We stay like that, my hands pulling away to rub her back, her shoulders, and her side as I gently pull out and dispose of the condom.
She looks over her shoulder at me, her face pink and her lips swollen. I can’t help but grin, knowing I did that to her.
But those glassy eyes that I love having pointed in my direction seem to hold something else that slightly dims the color.
“Rach?” I ask quietly, caressing her arm.
She swallows, flattening out the wrinkles in her outfit after redressing and combing her fingers through her hair. “You’re right,” she says softly, not looking me in the eye. “If any of those guys mattered, you wouldn’t be here.” I don’t have time to celebrate the admission when she adds, “But that doesn’t make this right.”
I stare at her silently.
She’s not looking at me.
She’s looking at the present I gave her.
I see her throat bob, contemplation like a wave over her features that wipes out the lust and satisfaction we both felt moments earlier.
“I don’t regret it,” I tell her honestly.
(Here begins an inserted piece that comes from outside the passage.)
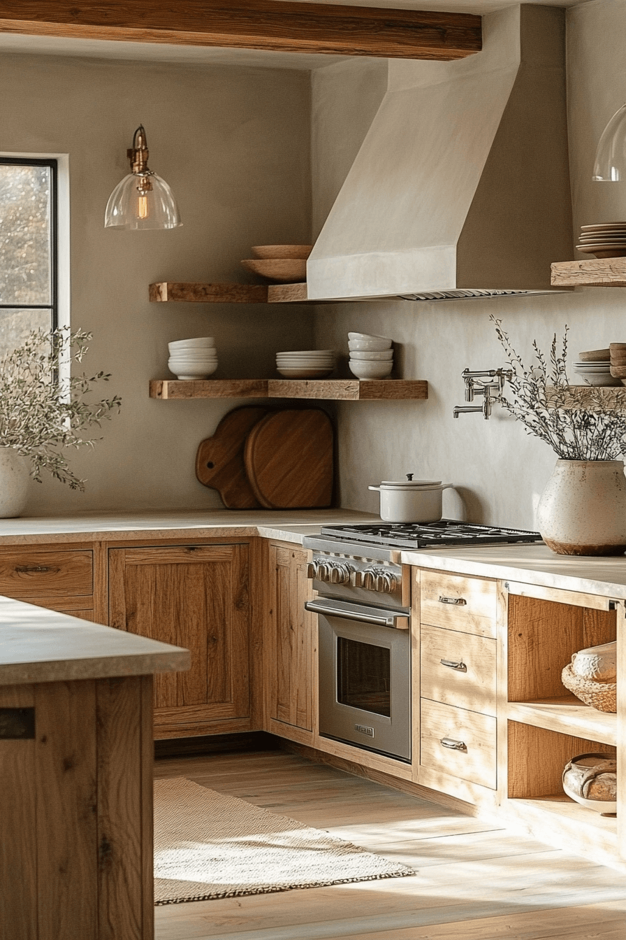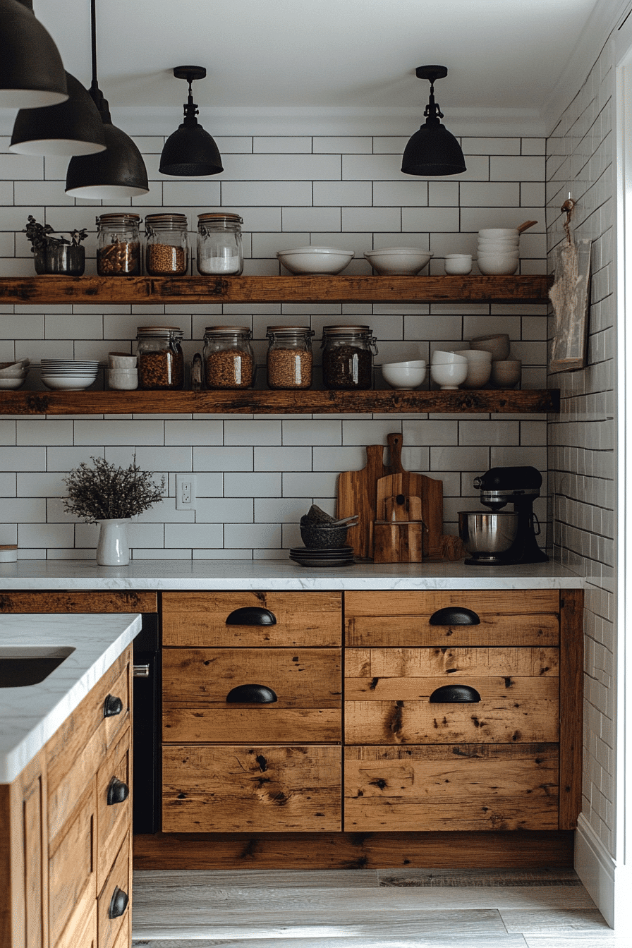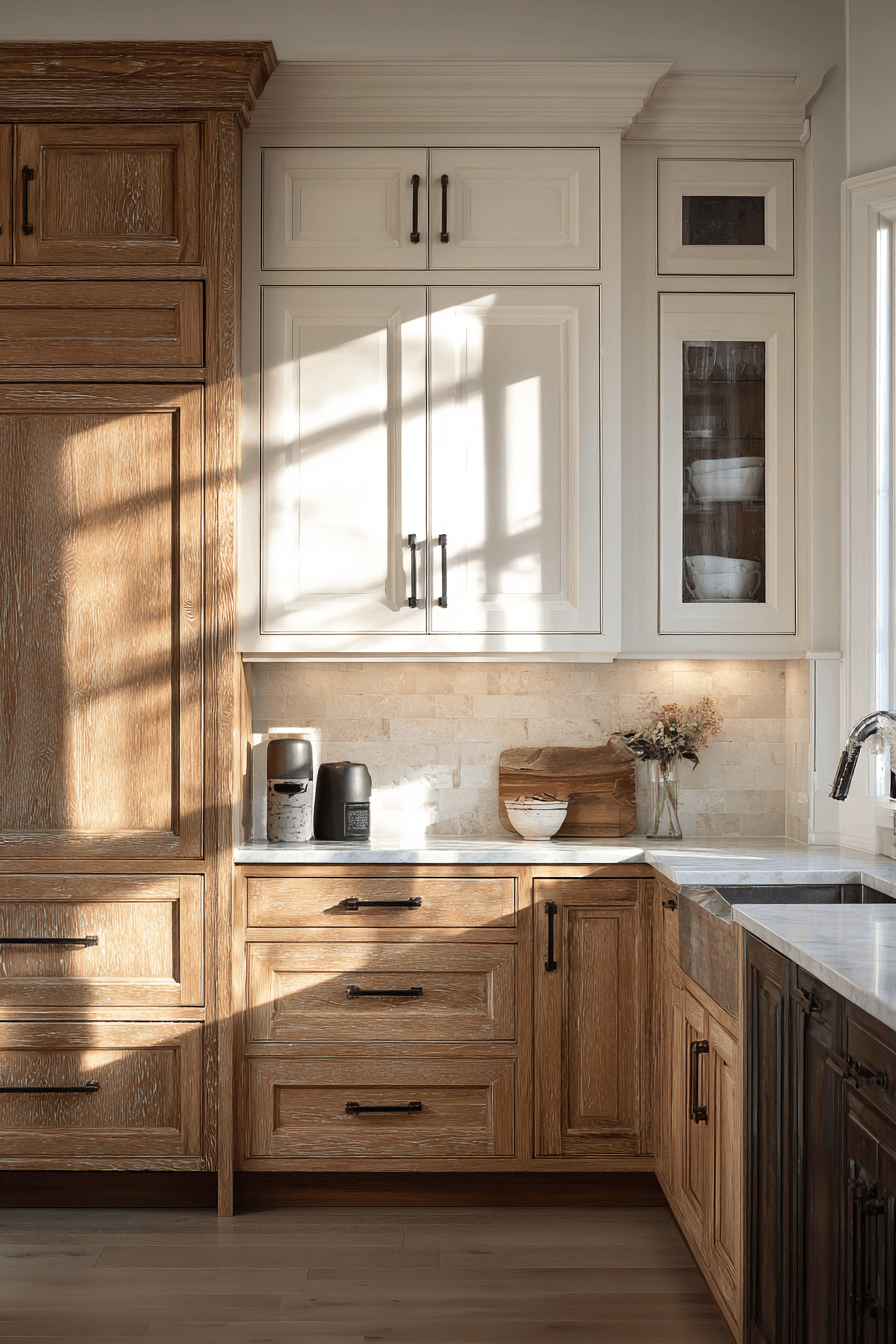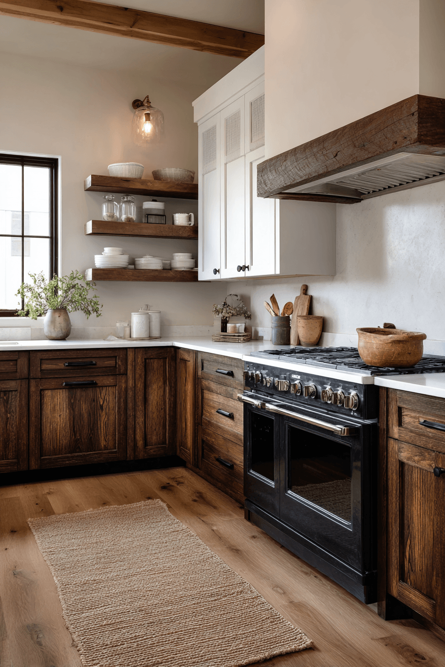 Mixing wood tones adds beautiful depth and personality to thoughtfully styled rustic kitchen cabinets. Darker lower cabinets paired with lighter upper finishes create natural contrast and visual interest. This layered approach keeps the kitchen feeling dynamic rather than flat. The combination also highlights architectural features and complements open concept spaces. Rustic kitchen cabinets with varied wood tones feel artistic, curated, and welcoming. Explore more creative ways to combine wood tones in rustic kitchens.

How could I? She’s the only person I find myself constantly gravitating to. When I’m sad. When I’m happy. When I’m angry. It’s her who makes it better, no matter the circumstances.
I’ve never been in love before, not really. But I’m pretty sure this is the closest I’ve come. Because love isn’t just a feeling—it’s a decision. A judgment. Right or wrong, I’ll keep choosing the girl in front of me.
Instead of pushing her to talk to me, to tell me she doesn’t regret it either, I simply say, “Have a good break, Rach.”
That night, I get a text message from the woman I walked away from nearly five hours before.